Bishops said there could be any number of reasons and a “wide range of circumstances” that a local bishop would have to take into consideration. “Bishops can legitimately make different judgments on the most prudent course of pastoral action,” they said.

Church scholars and theologians said Friday that the fact that the bishops chose not to speak out more forcefully, as some conservative prelates had hoped, pointed to division within their ranks.

Nonetheless, the bishops underscored the church’s view that “the killing of an unborn child is always intrinsically evil and can never be justified.” Bishops also served notice that lawmakers had “an obligation in conscience to work toward correcting morally defective laws, lest they be guilty of cooperating in evil and in sinning against the common good.”

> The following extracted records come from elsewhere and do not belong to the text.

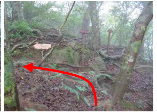
第2展望所分岐に出会い、左折する。
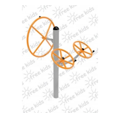
Fot.6 Przykładowe zdjęcie

Konstrukcja nośna oraz pozostałe elementy wykonane z rur stalowych ocynkowanych i malowanych proszkowo. Stopnice wykonane z blachy stalowej ocynkowanej i malowanej proszkowo. Nakrętki kołpakowe ocynkowane zabezpieczone przed odkręceniem, łożyska zamknięte bezobsługowe. Urządzenie powinno być wyposażone w amortyzatory gumowe tłumiące uderzenia. Urządzenie na stałe posadowione w gruncie, betonowane betonem klasy min. B-15.
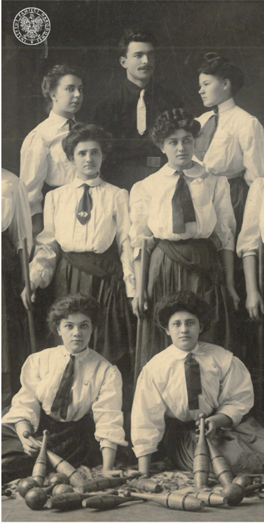
Sokolice ze sprzętem sportowym, ok. 1905-1909 r.
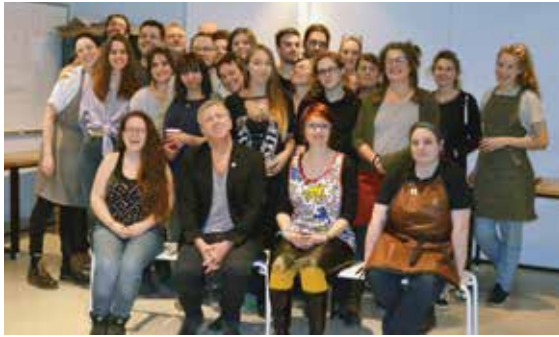
Gala des bénévoles — mars 2018
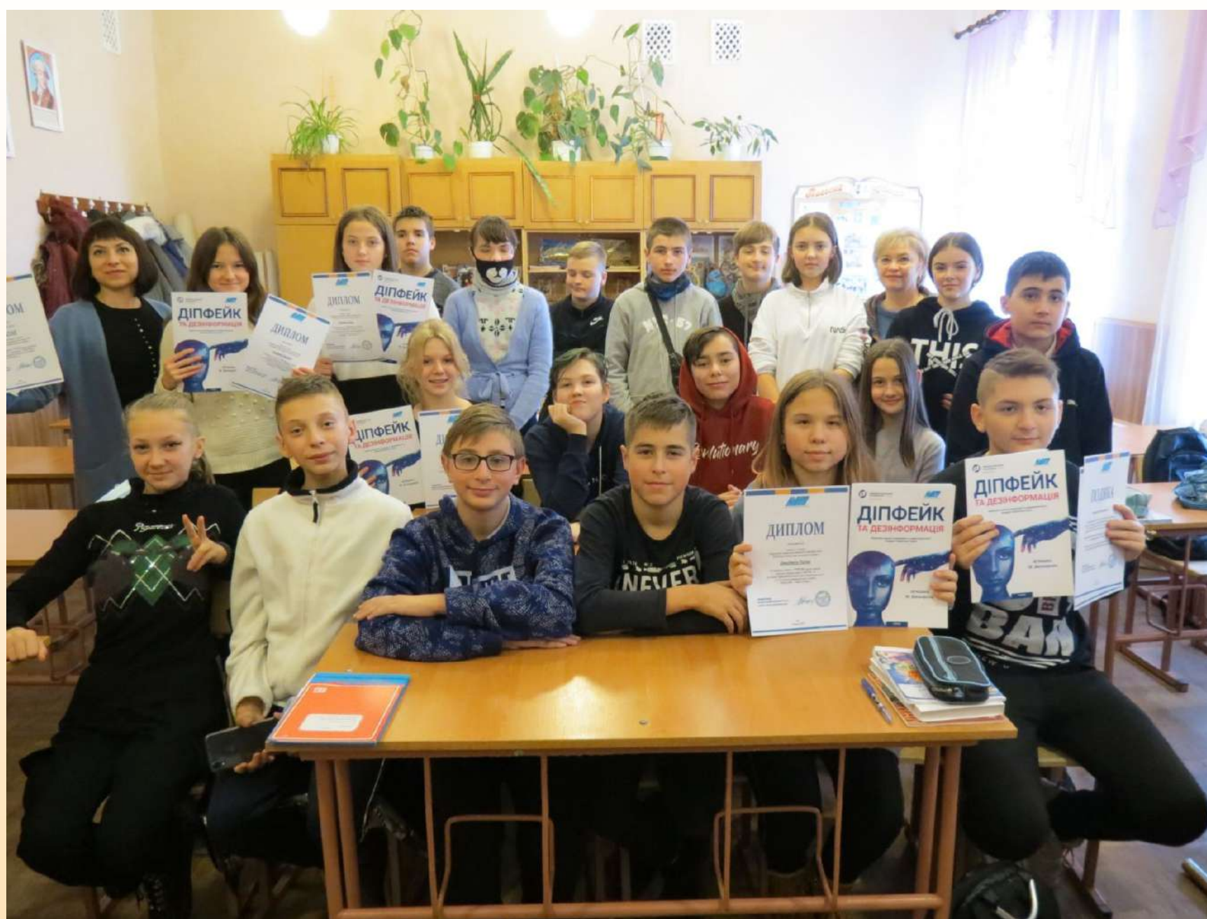
Автор: Карпенко Марія
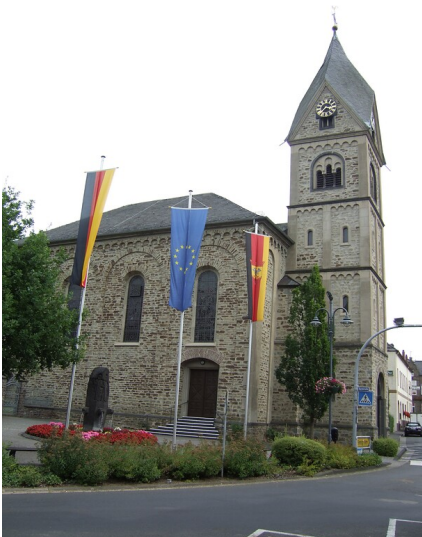
Katholische Pfarrkirche Sankt Peter in Sinzig-Westum (2013)
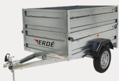
Réhausse Pleines (40cm)
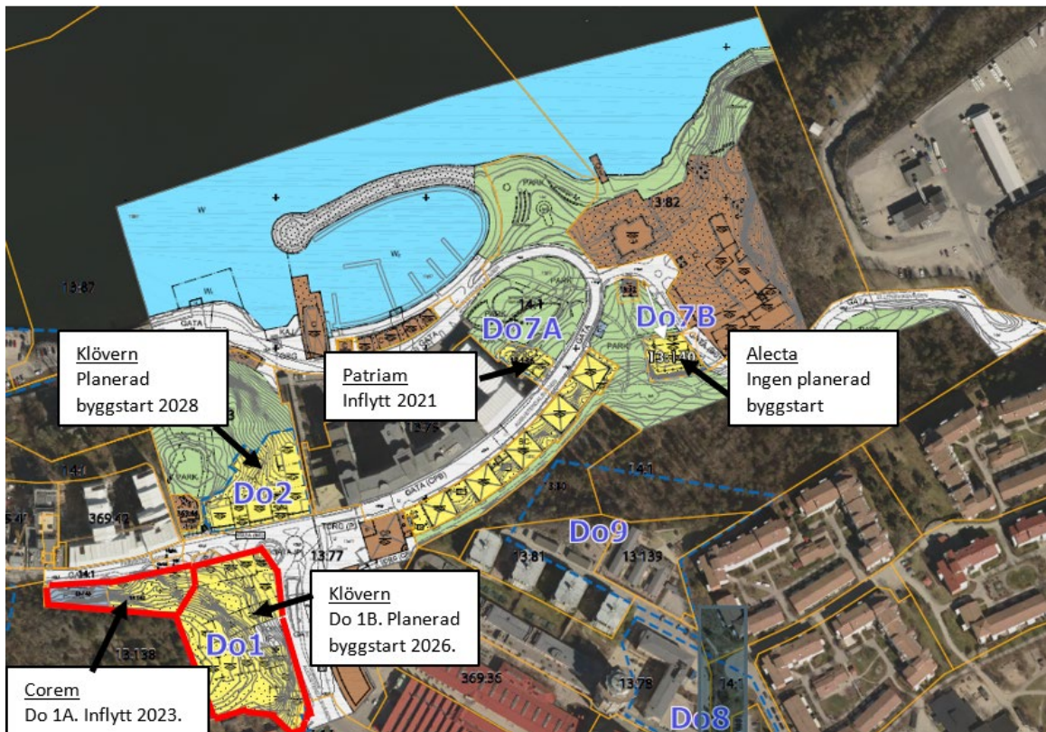
Bild 2: Visar delområden markerade med blå begränsningslinje. Delområden inom delområdena är markerade med röd begränsningslinje.

Fastighetsägarna inom delområde 1A företräds av Corem AB, under varumärket Tobin Properties, och byggnation pågår för 60 nya bostäder och lokaler för verksamheter. Fastighetsägaren i delområde 1B företräds av Klövern AB vilka planerar att bygga cirka 383 lägenheter och verksamhetslokaler vilket överskrider antalet tidigare uppskattade lägenheter. Fastighetsägaren i delområde 2 företräds också av Klövern AB och den befintliga kontorsbyggnaden planeras att eventuellt rivas och ersättas med ett bostadshus för cirka 350 bostäder och 300 kvadratmeter för verksamheter. Inom delområde 7A har Patriam AB byggt 14 lägenheter och verksamhetslokaler som färdigställdes 2021. Delområde 7B omfattar en byggrätt för flerbostadshus om cirka 15-20 lägenheter och ägs av Alecta AB. Det finns ingen planerad byggstart för delområde 7B.
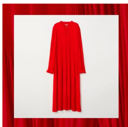
プリーツシフォンワンピース ¥5,999(税込)
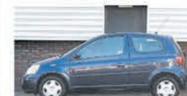
Toyota Yaris 1.3 VVT-i Sol € 4.950,-
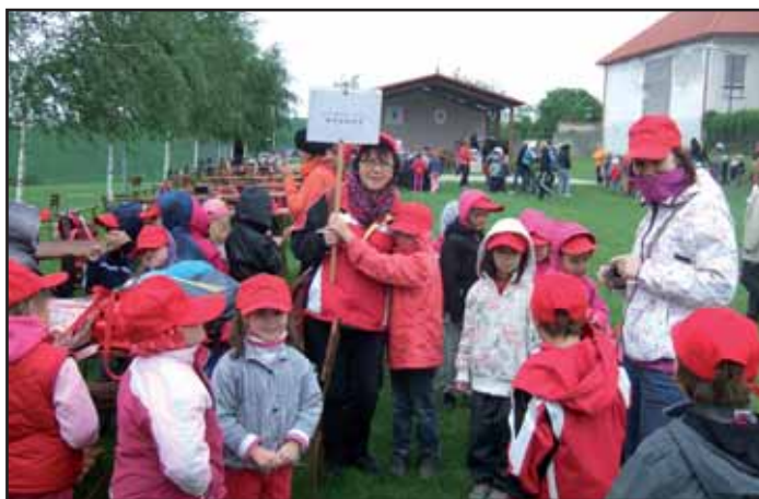
Karolín žil olympiádou.
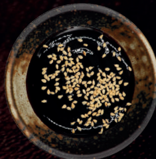
129. UNAGI SAUCE
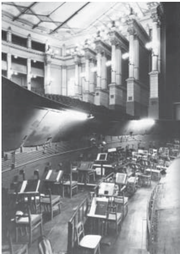
Näkymä orkesterisyvennyksen yläosasta katsomoon

Seuraavaksi pääsimme näyttämölle. Se on 32 metriä leveä, 25 metriä syvä – syvyyttä voidaan lisätä jopa 40 metriin takanäyttämön ( rear stage ) mukaan luki. Näyttämön katon rajaan asti korkeutta on 30 metriä. Neljä pyörörainaa ( cycloraina ) heijastavat taustafondefeja,

In February, Archbishop Raymond Burke of St. Louis said he would refuse to give Kerry communion because of his stance, and Kerry’s own archbishop, the Most Rev. Sean O’Malley of Boston, said such politicians should voluntarily refrain from receiving the sacrament. Then in April, a ranking Vatican cardinal said priests must deny communion to Catholic politicians who supported abortion. Later, Cardinal Joseph Ratzinger, the Vatican’s doctrinal watchdog, cautioned U.S. bishops not to allow Holy Communion to become embroiled in election-year politics.

Last month, Bishop Michael Sheridan of Colorado Springs, Colo., escalated the public controversy when he said that even Catholics who voted for politicians who supported abortion rights, euthanasia, same-sex marriages and stem cell research involving human embryos should be denied communion.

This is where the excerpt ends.